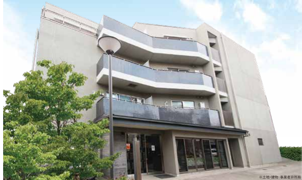
※土地・建物・事業者非所有
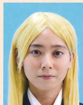
カツラ(ウィッグ)などにより実際の容姿や雰囲気が変わるもの
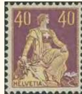
1908: SBK 112

Name Charles L'Eplattenier ausgeschrieben (völlig unleserlich); mit drei Lorbeerblättern versehen. Nom Charles L'Eplattenier écrit en toutes lettres (totalement illisible) et avec trois feuilles de laurier.
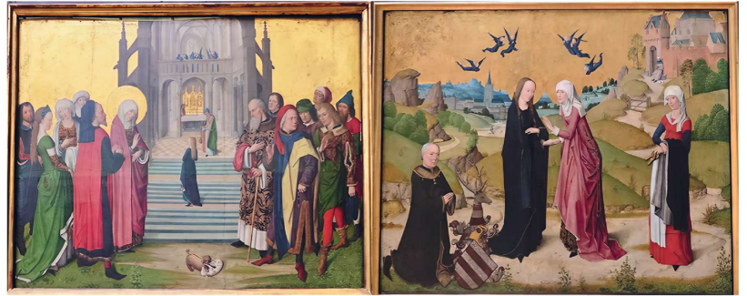
Meister des Marienlebens, Tempelgang Mariä und Heimsuchung Mariä, um 1470/80

Dass schwangere Frauen einander brauchen, ist das Normalste von der Welt. Das erste Kind, das sich im Leibe regt, stellt alles auf den Kopf. Erst recht, wenn es so außergewöhnliche Umstände sind wie bei der Jungen Maria und der älteren Elisabeth. Mariä Heimsuchung (2. Juli) ist also ein sehr menschliches Fest. Zugleich ist es ein sehr göttliches Fest, denn es bestärkt uns, wirklich zu glauben, dass „bei Gott nichts unmöglich“ ist; er geht sogar so weit, dass er selbst als Menschenkind in diese Welt eintritt! (Werdende) Mütter und Väter sind besonders wach dafür, dass dieses ver-
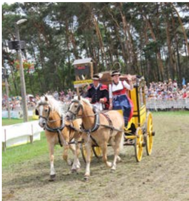
Postvognen ved præsentationen
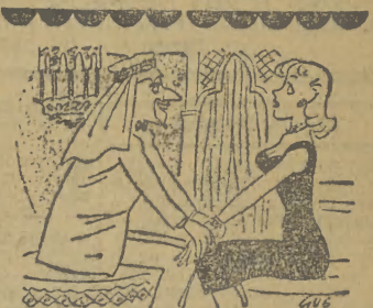
— Zawsze marzyłem, żeby spotkać w życiu tuzin kobiet takich jak Pani!
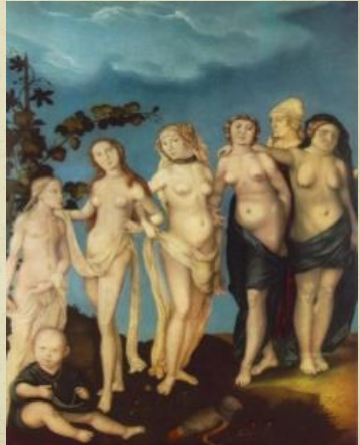
'The seven ages of women' Hans Baldung Grien 1544
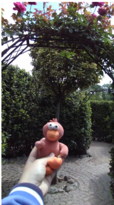
Утя в лабиринте
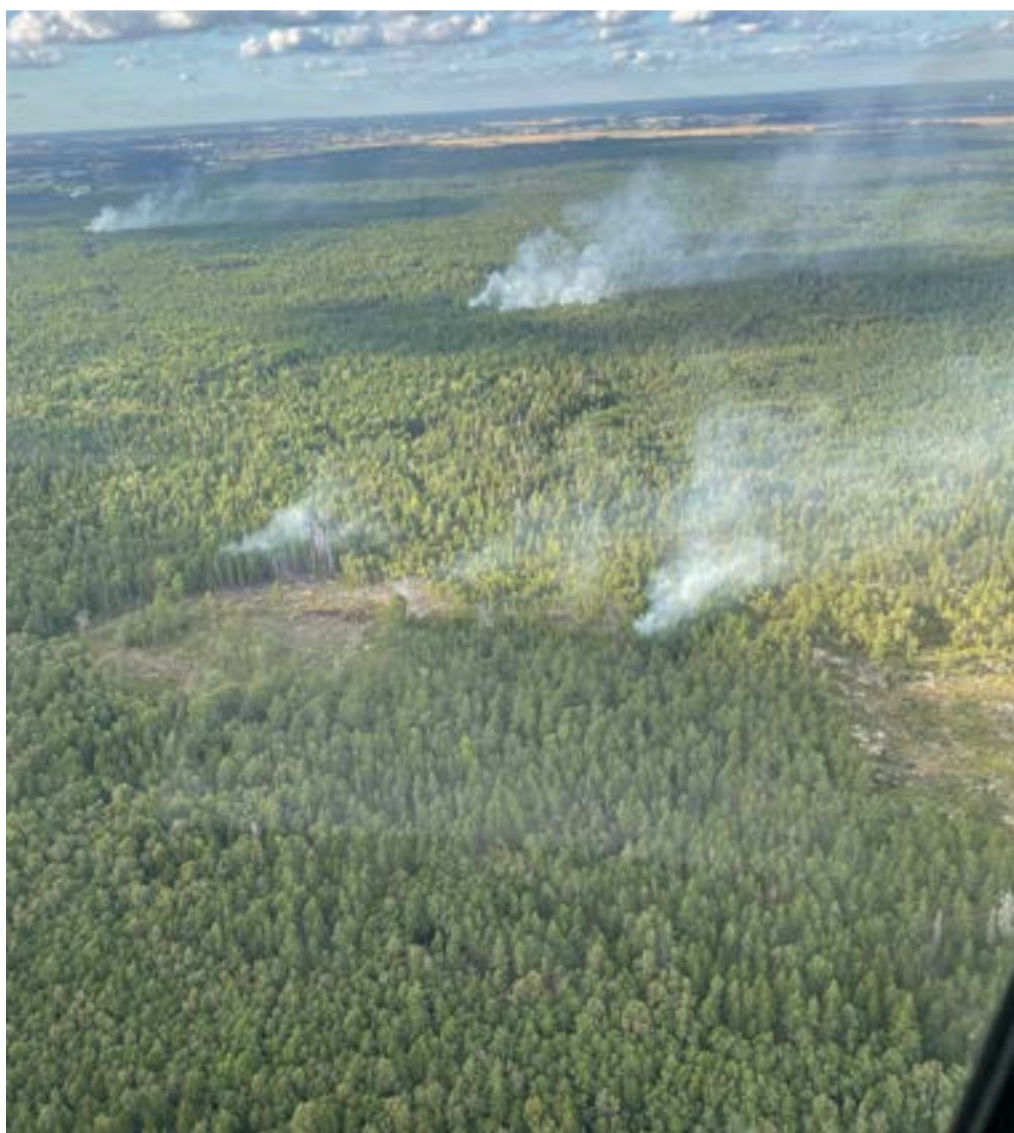
Inledningsvis underskattades brändernas omfattning och spridning.
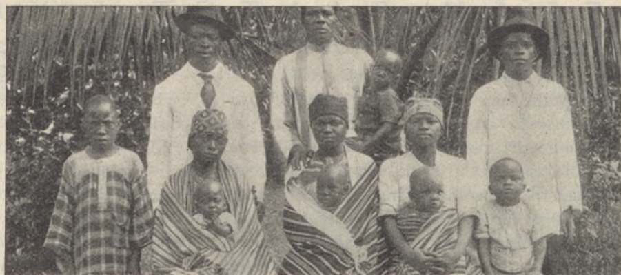
Tre lärrefamiljer från samma by i Kongo.

Juldagen döptes och intogos i församlingen 268 personer. En härlig skörd för Guds rike, eller hur? Hela församlingens medlemsantal uppgår nu till 936. Det är ej ett lätt arbete att hålla reda på dem alla och bistå dem med råd och hjälp i både det som är möjligt och omöjligt samt se till, att de få den andliga vård, som är nödvändig för deras tillväxt i tro och rättfärdighet. Vi bliva ofta missmodiga inför vår vanmakt. Dock har Gud intill denna stund hjälpt, och våra missionsvänners förböner ha skingrat
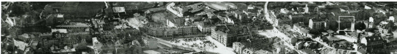
Fragment panoramy Lublina, lata 30., ul. Lubartowska/A fragment of panorama of Lublin in the 1930s, Lubartowska street,
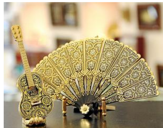
В магазине можно приобрести оригинальные подарки и сувениры для своих родных и близких
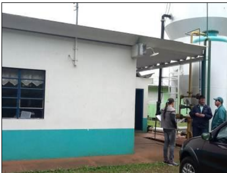
Áreas externas em bom estado de conservação.
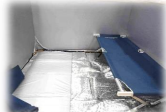
災害時の簡易ベッド
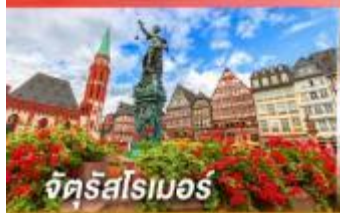
จัตุรัสโรเมอร์
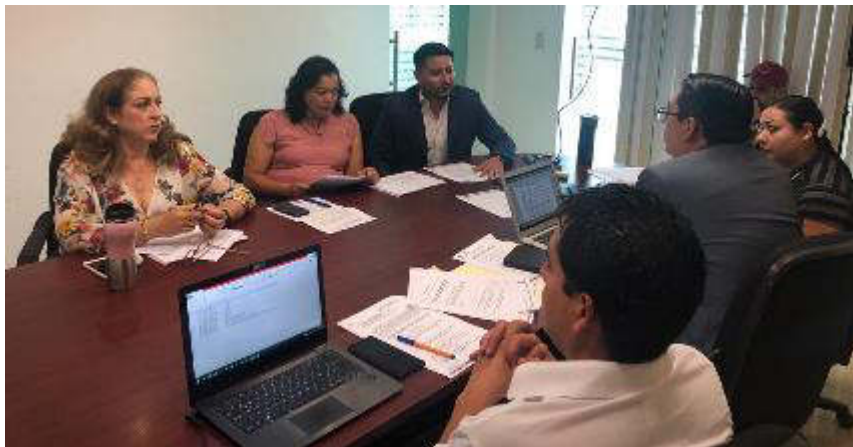
27 DE AGOSTO 2019
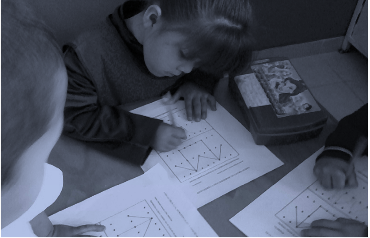
Foto 6. Alumnos realizando una actividad previa a la lecto- escriura.
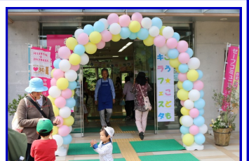
★ウェルカムゲート
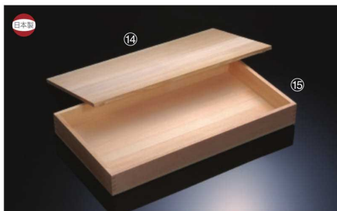
26-352-14 (521494) 番重(蓋) ¥3,400 本体寸法:W56xD34.5xH1cm 木
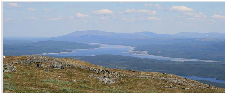
Leden över Välliste passerar 1 km nedanför toppen. Väl uppe på toppen omges vi av storslagna vyer.

Efter att ha njutit av utsikten och rundat toppflaggan fortsätter vi tillbaka ner längs den stig vi kom. Vid greningen följer vi den slingrande, lättsprungna leden söderut, ner mot Ytterstvallan.
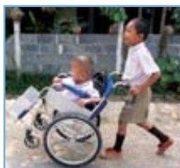
タイ東北部で出会った子ども達は、障がいのあるクラスメートを友だちみんんで支えて応援している。

ハードとしての車いすとソフト面での安定した支援と人と人との交流。地理、言語、文化の違いはあれ、車いすに託す思いはこの先も変わらない。

> Exercise brief: The data above, line by line: transcribe it exactly and drop the pictures.

> Answer to the exercise:
※土地・建物・事業者非所有
カツラ(ウィッグ)などにより実際の容姿や雰囲気が変わるもの
1908: SBK 112

Name Charles L'Eplattenier ausgeschrieben (völlig unleserlich); mit drei Lorbeerblättern versehen. Nom Charles L'Eplattenier écrit en toutes lettres (totalement illisible) et avec trois feuilles de laurier.
Meister des Marienlebens, Tempelgang Mariä und Heimsuchung Mariä, um 1470/80

Dass schwangere Frauen einander brauchen, ist das Normalste von der Welt. Das erste Kind, das sich im Leibe regt, stellt alles auf den Kopf. Erst recht, wenn es so außergewöhnliche Umstände sind wie bei der Jungen Maria und der älteren Elisabeth. Mariä Heimsuchung (2. Juli) ist also ein sehr menschliches Fest. Zugleich ist es ein sehr göttliches Fest, denn es bestärkt uns, wirklich zu glauben, dass „bei Gott nichts unmöglich“ ist; er geht sogar so weit, dass er selbst als Menschenkind in diese Welt eintritt! (Werdende) Mütter und Väter sind besonders wach dafür, dass dieses ver-
Postvognen ved præsentationen
— Zawsze marzyłem, żeby spotkać w życiu tuzin kobiet takich jak Pani!
'The seven ages of women' Hans Baldung Grien 1544
Утя в лабиринте
Inledningsvis underskattades brändernas omfattning och spridning.
Tre lärrefamiljer från samma by i Kongo.

Juldagen döptes och intogos i församlingen 268 personer. En härlig skörd för Guds rike, eller hur? Hela församlingens medlemsantal uppgår nu till 936. Det är ej ett lätt arbete att hålla reda på dem alla och bistå dem med råd och hjälp i både det som är möjligt och omöjligt samt se till, att de få den andliga vård, som är nödvändig för deras tillväxt i tro och rättfärdighet. Vi bliva ofta missmodiga inför vår vanmakt. Dock har Gud intill denna stund hjälpt, och våra missionsvänners förböner ha skingrat
Fragment panoramy Lublina, lata 30., ul. Lubartowska/A fragment of panorama of Lublin in the 1930s, Lubartowska street,
В магазине можно приобрести оригинальные подарки и сувениры для своих родных и близких
Áreas externas em bom estado de conservação.
災害時の簡易ベッド
จัตุรัสโรเมอร์
27 DE AGOSTO 2019
Foto 6. Alumnos realizando una actividad previa a la lecto- escriura.
★ウェルカムゲート
26-352-14 (521494) 番重(蓋) ¥3,400 本体寸法:W56xD34.5xH1cm 木
Leden över Välliste passerar 1 km nedanför toppen. Väl uppe på toppen omges vi av storslagna vyer.

Efter att ha njutit av utsikten och rundat toppflaggan fortsätter vi tillbaka ner längs den stig vi kom. Vid greningen följer vi den slingrande, lättsprungna leden söderut, ner mot Ytterstvallan.
タイ東北部で出会った子ども達は、障がいのあるクラスメートを友だちみんんで支えて応援している。

ハードとしての車いすとソフト面での安定した支援と人と人との交流。地理、言語、文化の違いはあれ、車いすに託す思いはこの先も変わらない。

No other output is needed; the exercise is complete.